Received: 2021-10-13. Accepted: 2021-12-07

© ®

This work is licensed under a Creative Commons Attribution 4.0 International License

J Clin Med Kaz 2022; 19(1):28-35

Corresponding author: Saule Balmagambetova. E-mail: sau3567@gmail.com; ORCID: 0000-0003-4080-5383.

Introduction

Breast cancer (BC) consistently ranks first among the causes of death from cancer in women [1,2]. According to the International Agency for Research on Cancer (IARC), in 2020, the proportion of BC worldwide was 10-18% of all new cases of malignant neoplasms [3]. In Kazakhstan, the relative survival rate for BC ranges within 28.7% [4].

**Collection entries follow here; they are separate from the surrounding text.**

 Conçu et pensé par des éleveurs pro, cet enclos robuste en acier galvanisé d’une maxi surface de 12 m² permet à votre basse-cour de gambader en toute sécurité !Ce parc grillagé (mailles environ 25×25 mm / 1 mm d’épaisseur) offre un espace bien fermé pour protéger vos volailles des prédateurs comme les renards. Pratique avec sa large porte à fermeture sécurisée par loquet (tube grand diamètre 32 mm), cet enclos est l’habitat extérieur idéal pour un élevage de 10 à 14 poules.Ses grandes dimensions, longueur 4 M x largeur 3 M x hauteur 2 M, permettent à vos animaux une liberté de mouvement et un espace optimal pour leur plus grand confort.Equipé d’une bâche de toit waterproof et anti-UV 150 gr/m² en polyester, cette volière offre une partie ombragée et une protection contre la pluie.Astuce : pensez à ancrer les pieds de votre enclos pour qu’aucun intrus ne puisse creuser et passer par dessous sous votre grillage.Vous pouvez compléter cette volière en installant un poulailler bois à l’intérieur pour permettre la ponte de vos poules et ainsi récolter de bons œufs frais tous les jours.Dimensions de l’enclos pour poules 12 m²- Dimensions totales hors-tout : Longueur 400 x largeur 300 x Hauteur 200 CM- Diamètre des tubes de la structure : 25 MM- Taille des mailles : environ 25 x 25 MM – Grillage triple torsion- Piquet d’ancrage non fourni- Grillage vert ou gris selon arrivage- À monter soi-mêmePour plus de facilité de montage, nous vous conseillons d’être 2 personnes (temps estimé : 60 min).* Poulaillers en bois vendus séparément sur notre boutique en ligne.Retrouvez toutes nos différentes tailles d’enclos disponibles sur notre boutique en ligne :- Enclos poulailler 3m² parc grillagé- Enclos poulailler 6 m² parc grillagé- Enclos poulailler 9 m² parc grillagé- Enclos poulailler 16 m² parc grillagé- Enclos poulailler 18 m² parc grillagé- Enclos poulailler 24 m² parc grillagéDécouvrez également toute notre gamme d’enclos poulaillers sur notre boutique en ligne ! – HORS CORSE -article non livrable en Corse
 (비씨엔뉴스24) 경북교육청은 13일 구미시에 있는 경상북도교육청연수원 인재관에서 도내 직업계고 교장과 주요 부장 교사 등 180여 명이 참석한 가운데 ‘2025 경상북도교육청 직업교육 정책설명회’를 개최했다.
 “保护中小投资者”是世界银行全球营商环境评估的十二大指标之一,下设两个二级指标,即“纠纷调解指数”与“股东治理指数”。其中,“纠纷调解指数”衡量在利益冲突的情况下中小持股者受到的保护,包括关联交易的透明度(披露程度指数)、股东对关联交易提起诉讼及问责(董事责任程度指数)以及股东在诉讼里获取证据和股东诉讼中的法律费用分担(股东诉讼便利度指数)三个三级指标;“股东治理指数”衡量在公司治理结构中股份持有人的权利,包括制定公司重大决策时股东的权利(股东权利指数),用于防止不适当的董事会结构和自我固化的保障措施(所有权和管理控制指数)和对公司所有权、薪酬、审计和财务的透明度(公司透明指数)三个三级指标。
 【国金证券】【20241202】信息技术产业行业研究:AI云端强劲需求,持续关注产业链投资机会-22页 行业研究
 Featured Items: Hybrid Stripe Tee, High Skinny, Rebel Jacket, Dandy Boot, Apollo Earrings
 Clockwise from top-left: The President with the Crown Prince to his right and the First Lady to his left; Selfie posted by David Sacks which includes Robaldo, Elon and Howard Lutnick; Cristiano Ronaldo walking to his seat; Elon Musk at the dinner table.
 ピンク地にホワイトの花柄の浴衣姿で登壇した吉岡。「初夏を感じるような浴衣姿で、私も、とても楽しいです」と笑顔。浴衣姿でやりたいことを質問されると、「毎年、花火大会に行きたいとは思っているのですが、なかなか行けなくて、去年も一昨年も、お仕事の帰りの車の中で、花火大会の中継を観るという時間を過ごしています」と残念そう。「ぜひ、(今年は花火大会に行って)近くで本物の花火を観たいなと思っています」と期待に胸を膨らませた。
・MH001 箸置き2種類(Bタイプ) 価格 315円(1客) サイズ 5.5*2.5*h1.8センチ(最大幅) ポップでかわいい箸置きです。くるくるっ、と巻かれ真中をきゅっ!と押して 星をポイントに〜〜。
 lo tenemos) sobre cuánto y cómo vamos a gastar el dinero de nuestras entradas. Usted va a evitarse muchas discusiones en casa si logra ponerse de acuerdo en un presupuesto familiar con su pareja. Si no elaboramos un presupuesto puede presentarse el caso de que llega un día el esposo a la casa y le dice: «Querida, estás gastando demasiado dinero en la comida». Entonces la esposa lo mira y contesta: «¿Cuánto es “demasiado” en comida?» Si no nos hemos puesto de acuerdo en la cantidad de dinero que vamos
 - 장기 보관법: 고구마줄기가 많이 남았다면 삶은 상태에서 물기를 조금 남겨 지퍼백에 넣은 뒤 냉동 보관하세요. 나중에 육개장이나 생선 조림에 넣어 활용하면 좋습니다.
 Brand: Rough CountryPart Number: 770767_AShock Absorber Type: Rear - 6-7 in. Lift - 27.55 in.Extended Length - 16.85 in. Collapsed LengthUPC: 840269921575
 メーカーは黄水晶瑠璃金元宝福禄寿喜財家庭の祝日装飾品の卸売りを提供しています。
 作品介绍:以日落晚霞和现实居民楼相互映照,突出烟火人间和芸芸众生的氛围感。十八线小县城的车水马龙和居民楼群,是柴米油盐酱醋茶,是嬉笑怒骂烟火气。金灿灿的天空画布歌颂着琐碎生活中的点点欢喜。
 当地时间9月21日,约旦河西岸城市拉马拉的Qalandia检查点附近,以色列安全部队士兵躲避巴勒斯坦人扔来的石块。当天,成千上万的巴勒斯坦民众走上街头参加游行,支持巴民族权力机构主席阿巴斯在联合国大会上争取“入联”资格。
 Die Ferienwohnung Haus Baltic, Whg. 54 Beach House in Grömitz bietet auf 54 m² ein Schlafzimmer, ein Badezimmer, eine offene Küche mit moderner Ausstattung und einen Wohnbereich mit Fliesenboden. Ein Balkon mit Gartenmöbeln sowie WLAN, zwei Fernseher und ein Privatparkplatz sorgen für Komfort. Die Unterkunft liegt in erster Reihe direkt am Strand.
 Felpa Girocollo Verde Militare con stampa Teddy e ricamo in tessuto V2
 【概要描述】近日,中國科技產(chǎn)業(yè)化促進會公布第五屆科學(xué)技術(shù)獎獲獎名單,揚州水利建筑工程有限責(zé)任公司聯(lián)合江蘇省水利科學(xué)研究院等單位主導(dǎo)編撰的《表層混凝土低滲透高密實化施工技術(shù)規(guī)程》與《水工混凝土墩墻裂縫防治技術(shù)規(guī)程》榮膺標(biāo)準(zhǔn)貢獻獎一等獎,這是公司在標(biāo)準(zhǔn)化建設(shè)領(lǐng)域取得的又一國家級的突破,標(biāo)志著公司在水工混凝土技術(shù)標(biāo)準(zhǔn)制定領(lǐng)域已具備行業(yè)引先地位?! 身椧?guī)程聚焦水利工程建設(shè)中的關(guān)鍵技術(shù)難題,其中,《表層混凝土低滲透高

The prognosis of BC treatment depends on the tumor tissue's histochemical properties, the tumor's aggressiveness, the cancer process staging, and the cardiotoxicity of chemotherapy [5-7].

As known, the clinical efficacy of chemotherapy is limited by the cardiotoxic (CT) effect on the heart and blood vessels with accelerated development of chronic heart failure (CHF), rhythm and conduction disturbances,

a tendency to thrombosis, etc. [8]. Studies have shown an increase in the relative risk of developing fatal cardiovascular (CV) complications of chemotherapy up to 2.2 times in patients with BC and the risk of developing CHF up to 4.9 times. At the same time, attempts to treat the long-term consequences of CT complications of chemotherapy are not always effective [5].

Chemotherapy in breast cancer patients implies using several groups of pharmaceuticals, mostly Anthracyclines and targeted therapy - monoclonal antibodies, low molecular weight tyrosine kinase inhibitors, proteasome inhibitors, etc.

Currently, researchers identify Anthracycline-mediated irreversible type 1 cardiotoxicity, due to the death of cardiomyocytes (the degree of myocardial damage, in this case, depends on the cumulative dose) and Trastuzumab-mediated reversible type 2 cardiotoxicity due to mitochondrial and protein damage (the effect is not dose-dependent) [9]. In patients treated with Anthracyclines, complications usually develop within the first year after stopping chemotherapy and proceed as progressive CHF, up to the development of dilated cardiomyopathy [10].

Trastuzumab, the mainstay of therapy for human epidermal growth factor receptor-2 (HER2) positive breast cancer, reduced mortality from BC by one-third but did not justify expectancies concerning severe cardiac complications. Up to 3% of BC patients treated with Trastuzumab experience severe CT complications, while the combined uptake of Anthracycline and Trastuzumab leads to a 7-fold increase in CHF risk [11, 12].

Breast cancer chance, like a risk of emerging CV events, increases with age; therefore, most patients with BC will require the close attention of cardiologists and oncologists to balance the antitumor chemotherapy concerning the risk of CT complications [13]. The early detection of chemotherapy cardiotoxicity and timely correction of complications becomes the priority in cancer patients management [6].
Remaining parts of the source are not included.